■ **Exercise goal**
Copy nothing but the lines from the opening of the entries through the line that contains "Lot de 2 fanions", exactly as written. Drop the pictures.

(Records drawn from a dataset)

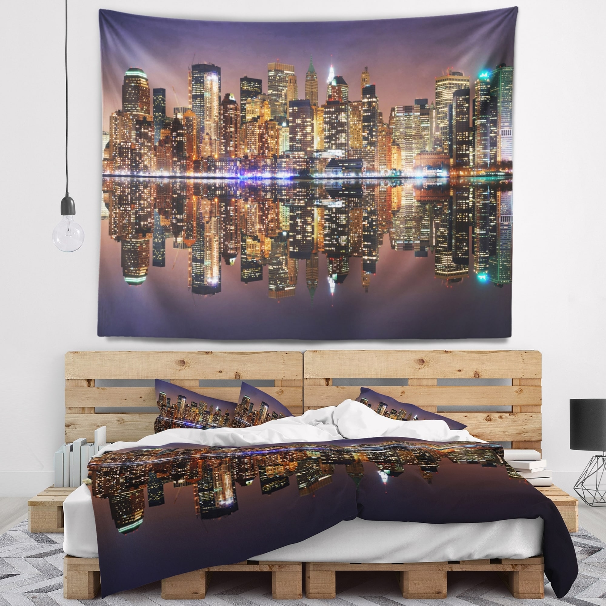 Designart 'Manhattan with Lights and Reflections' Wall Tapestry
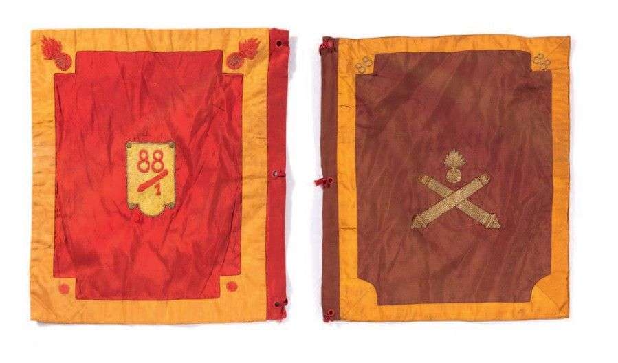 Lot de 2 fanions rectangulaires, du 88e Régiment d'Artillerie 1ère Batteri
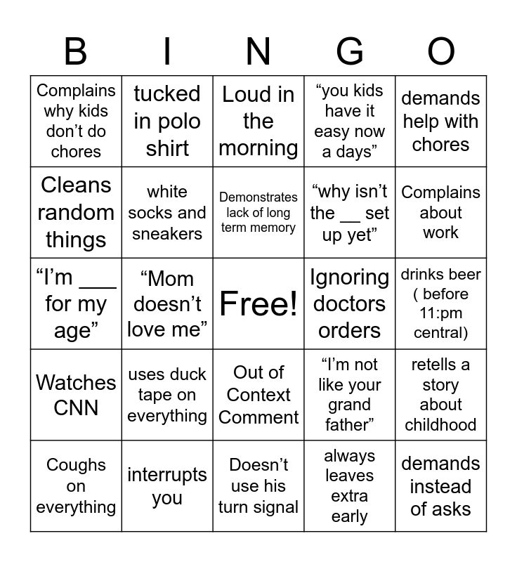 This bingo card has a free space and 91 words: Story time: Repeats any Story told already, Demonstrates Lack of Short term Memory, Out of Context Comment, Falls Asleep anywhere but his own bed, Show-and-tell: picture of random junk, drinks beer at family event, Beard Comment, Follows you to your car when you are trying to leave, “never ending remodel”, Unprompted House repair, Smokes weed any time of day, Leaves and forgets phone at home, Changes TV channel and leaves room, drinks beer ( before 11:pm central), Agrees with someone else’s objectively outrageous comment, Demonstrates lack of long term memory, Unprompted Vehicle repair, Monochromatic outfit, Is that racist? (probably), Talks about food he can’t/won’t eat, Doesn’t know how to interact with dogs (animals?), “Bums”, Doesn’t use his turn signal, Over sharing unimportant info, “I’m ___ for my age”, interrupts you, “I’m not pushing”, Criticizes a stranger, “Well, I don’t know what you guys want, Gives unwanted advise, Awaits to be served hand and foot, retells a story about childhood, Asks someone to do chore, Watches CNN, Complains why kids don’t do chores, “you kids have it easy now a days”, Loud in the morning, Complains about trump, “Mom doesn’t love me”, Complains about work, Coughs on everything, Cleans random things, Loud sneezing, Loud Nose Blowing, Clears throat, “I’m not like your grand father”, Slams toilet seat, slams doors, Neighborhood watch, Drives one handed, acts like he’s in American idol, “why isn’t the __ set up yet”, “is anyone ready to eat yet?’, Complains about siblings, Drinks diet soda, “elbow grease”, Ignoring doctors orders, “illegal to turn on interior car light”, Has thick wallet, Grunts when sitting, Thinks he can out smart gps, back seat driver, Thinks it’s okay to eat expired food (regardless of type), rubs/pats belly after meal, backs into every parking spot, “you can do mine next”, Puts a condiment on everything, always leaves extra early, “don’t tell your mom”, “I’m just resting my eyes”, uses duck tape on everything, demands instead of asks, complains about kids on devices, “what do I like from ___ (this place)”, tucked in polo shirt, white socks and sneakers, complains about weather, interrupts conversation he wasn’t a part of, Is anxious dad, walks like a zombie, complains about back/knee pain, demands help with chores, says something sexist, doesn’t get out of chair to greet, does something weird/ socially unacceptable, Says you like things that you don’t, Learned Helplessness, Doesn’t know how to send emails, talks loudly over voice or video chat, doesn’t read manuals and Pisses loudly.
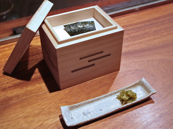 ●熱々の焼海苔の変わらずです。能登の塩と、筍の木の芽とおじゃこ和え。
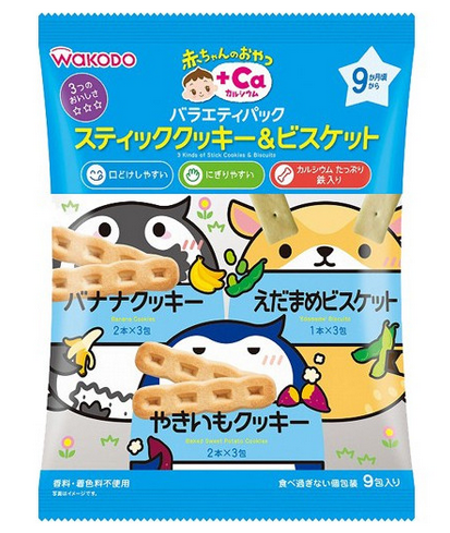 此款餅乾綜合包含有3種不同的餅乾,能夠同時享受3種不同的味道。因為餅乾上有空氣層和一些小洞,使唾液容易滲透,因此入口即溶。特地做成寶寶容易捉住的大小和形狀,可以幫助寶寶練習用手拿著食用。添加了豐富的鈣和鐵,補充孩子成長中所需的營養。獨立包裝,能夠控制寶寶食量,不會一次吃太多,同時方便出行攜帶。不添加香料、色素和保存劑。9個月起即可食用。
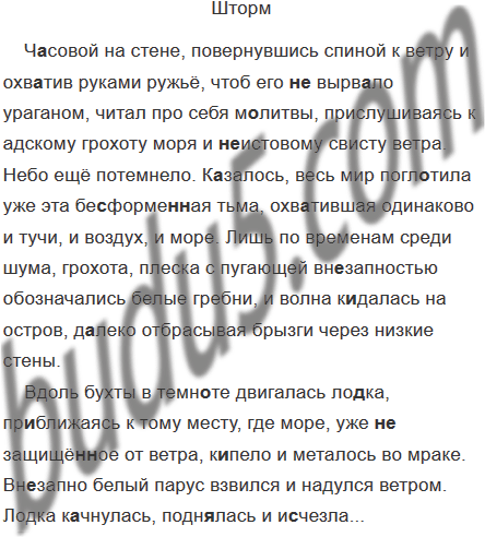 Ч..совой на стене повернувшись спиной к ветру и охв..тив руками ружьё, чтоб его (не) вырв..ло ураганом, читал про себя м..литвы прислушиваясь к адскому грохоту моря и (не) истовому свисту ветра. Небо ещё потемнело. К..залось, весь мир погл..тила уже эта бе..форме(н, нн)ая тьма охв..тившая одинаково и тучи и воздух и море. Лишь по временам среди шума грохота плеска с пугающей вн..запностью обозначались белые гребни и волна к..далась на остров д..леко отбрасывая брызги через низкие стены.

■ **Task solution**
 Designart 'Manhattan with Lights and Reflections' Wall Tapestry
 Lot de 2 fanions rectangulaires, du 88e Régiment d'Artillerie 1ère Batteri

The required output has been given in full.